And then we seemed to have the wood on them with 4 minutes or so to go and they stepped up and made 3 shots in a row where we choked and missed another 3 or 4 in a row to give them the swing.

They had the momentum from that point.

Our 3 point shooting is sh*thouse and in fact our offensive execution / efficiency through the first 3 games is appalling- and - we're not stopping our opponents putting the ball in the hoop at a nice efficiency

We've got to get it done on the road if we're going to be treated seriously


----------



## narek (Jul 29, 2005)

It has not been a good day or evening for my teams. Sigh.


----------



## SausageKingofChicago (Feb 14, 2005)

Nice to see the Beez with a real solid start to the season

The Heat will need him to be the #2 guy this year


----------



## yodurk (Sep 4, 2002)

Bulls' PG production *sucked* today. That is all.


----------



## truebluefan (May 27, 2002)

SausageKingofChicago said:


> Our 2nd chance points were there but I think I counted 7 missed shots in a row to end the 3rd Quarter.
> 
> And then we seemed to have the wood on them with 4 minutes or so to go and they stepped up and made 3 shots in a row where we choked and missed another 3 or 4 in a row to give them the swing.
> 
> ...


We have not come together as a team imo. Rose is still hurt, at least I hope he is. 

We need a three point shooter and a big man.


----------



## truebluefan (May 27, 2002)

We shot 41%. Guys and gals, that is our average as well through 3 games. That wont get it done. Pure and simple. 

L. Deng 26. Glad to see it. 8 rebounds(team high) 1 assist. 
J. Salmons 17! 7-14! But was 1-5 in 3 pt attempts 4 rebounds, 2 assists *4 steals*. 
B. Miller 11
J. Noah 10, 7 rebounds 1 block

TT 21 minutes 4 pts 6 rebounds, 3 blocks. 1 assist. He took just 4 shot attempts. 


The Heat shot .486%. Now I am no genius, but when the Bulls shoot 41% abd allow 49%, we will lose....	
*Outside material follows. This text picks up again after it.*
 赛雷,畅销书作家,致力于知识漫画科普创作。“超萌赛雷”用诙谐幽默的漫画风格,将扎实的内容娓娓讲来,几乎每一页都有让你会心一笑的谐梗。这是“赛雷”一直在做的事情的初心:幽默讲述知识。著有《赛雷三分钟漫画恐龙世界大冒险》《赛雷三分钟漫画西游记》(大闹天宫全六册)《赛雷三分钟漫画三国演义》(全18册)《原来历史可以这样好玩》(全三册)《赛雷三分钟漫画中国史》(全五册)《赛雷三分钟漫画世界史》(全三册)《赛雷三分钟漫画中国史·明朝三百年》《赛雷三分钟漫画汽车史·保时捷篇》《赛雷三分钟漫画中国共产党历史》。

When the game was on the line, I counted three lay ups missed! Deng, Salmons, and Hinrich.


----------



## Wynn (Jun 3, 2002)

The Bull Will never win another game.


----------



## Wynn (Jun 3, 2002)

Some points:

* This team can't shoot. We get wide open looks within the flow of the offense and miss. Do we have a shooting coach? Why in the world would this team skip the shoot around before the game?

* I REALLY dislike Pargo. He only played 6 minutes, but it felt like a century. The guy is completely useless in every way.
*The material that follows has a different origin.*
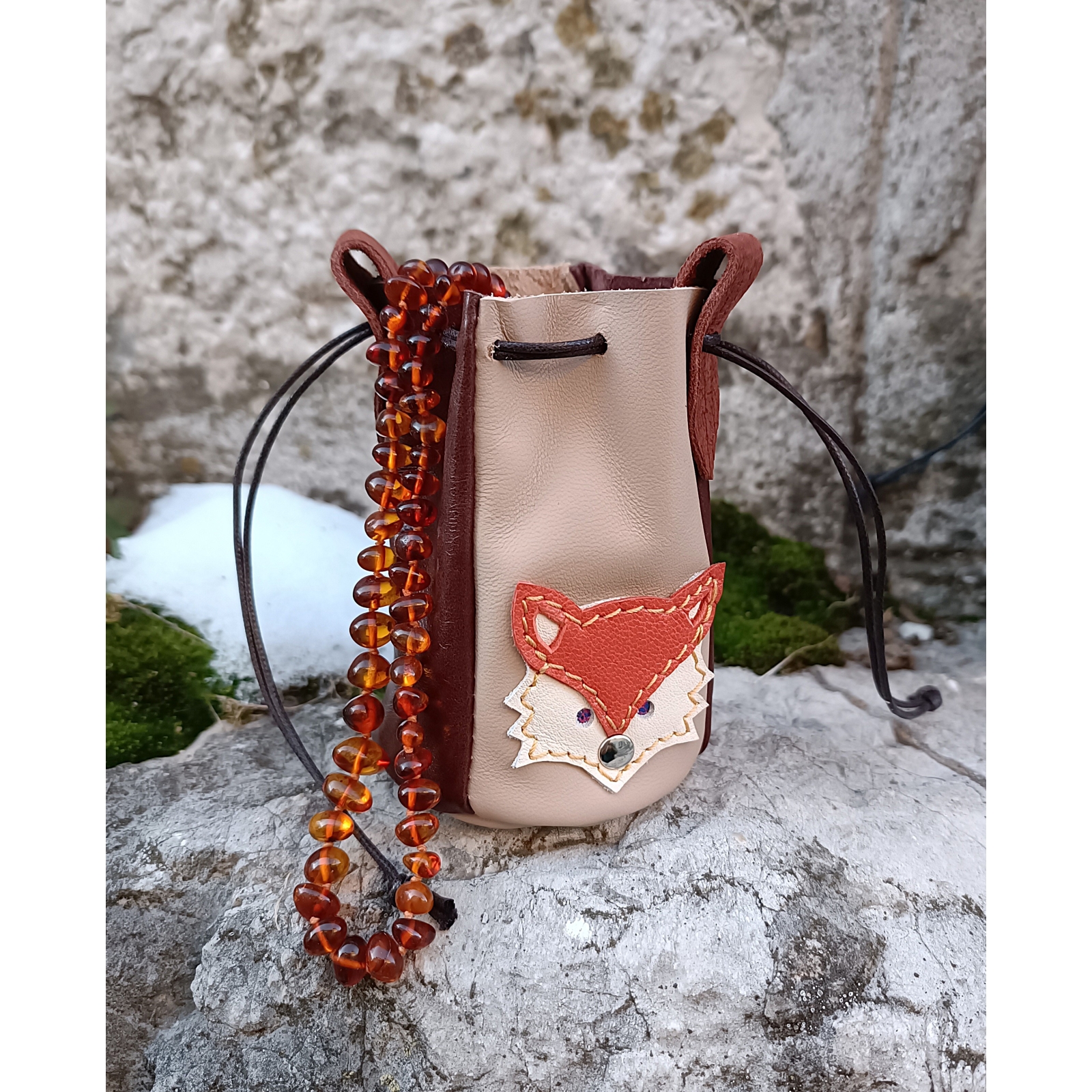 Bourse avec petit renard en cuir idée cadeau fait en France

* We're getting dominated in the back-court. Rose, Salmons, and Hinrich are NOT playing to the level of Noah, Deng, Miller, and Thomas. I absolutely did NOT expect to be posting that this season.

* This was a game we should have won. We collapsed in the final minutes and handed this game to the Heat. This was more frustrating than the Celtic loss. This Heat team is NOT better than the Bull.


----------



## thebizkit69u (Feb 12, 2003)

Wynn said:


> Some points:
> 
> * We're getting dominated in the back-court. Rose, Salmons, and Hinrich are NOT playing to the level of Noah, Deng, Miller, and Thomas. I absolutely did NOT expect to be posting that this season.
> 
> * This was a game we should have won. We collapsed in the final minutes and handed this game to the Heat. This was more frustrating than the Celtic loss. This Heat team is NOT better than the Bull.


Well lets not get carried away here ok.

While Joakim's average of 12 and 9 may have you overvaluing what hes doing on the court don't forget that the Bulls bigs are giving up close to 20 ppg to opposing big men and their FG% is much better than what Kirk and Rose are holding their counterparts to. 

While Wade did have 25 points it was Beasley and Haslem who beat the Bulls with BOTH of them posting up double doubles. 19 and 11 for HASLEM thats just un acceptable. 

I called it in the Boston game thread that the Heat game was going to be a close game that would be decided in the last few minutes and possession's. The Heat on paper are not as talented as the Bulls but Erik Spoelstra is a much more superior coach than Del ***** and I said this game will come down to coaching.


----------



## Wynn (Jun 3, 2002)

thebizkit69u said:


> Well lets not get carried away here ok.
> 
> While Joakim's average of 12 and 9 may have you overvaluing what hes doing on the court don't forget that the Bulls bigs are giving up close to 20 ppg to opposing big men and their FG% is much better than what Kirk and Rose are holding their counterparts to.
> 
> ...


Our guards scored 32pts on 14-42 shooting.
Their guards scored 48pts on 16-31 shooting.

I'm not getting carried away. Our guards got their lunch eaten.


----------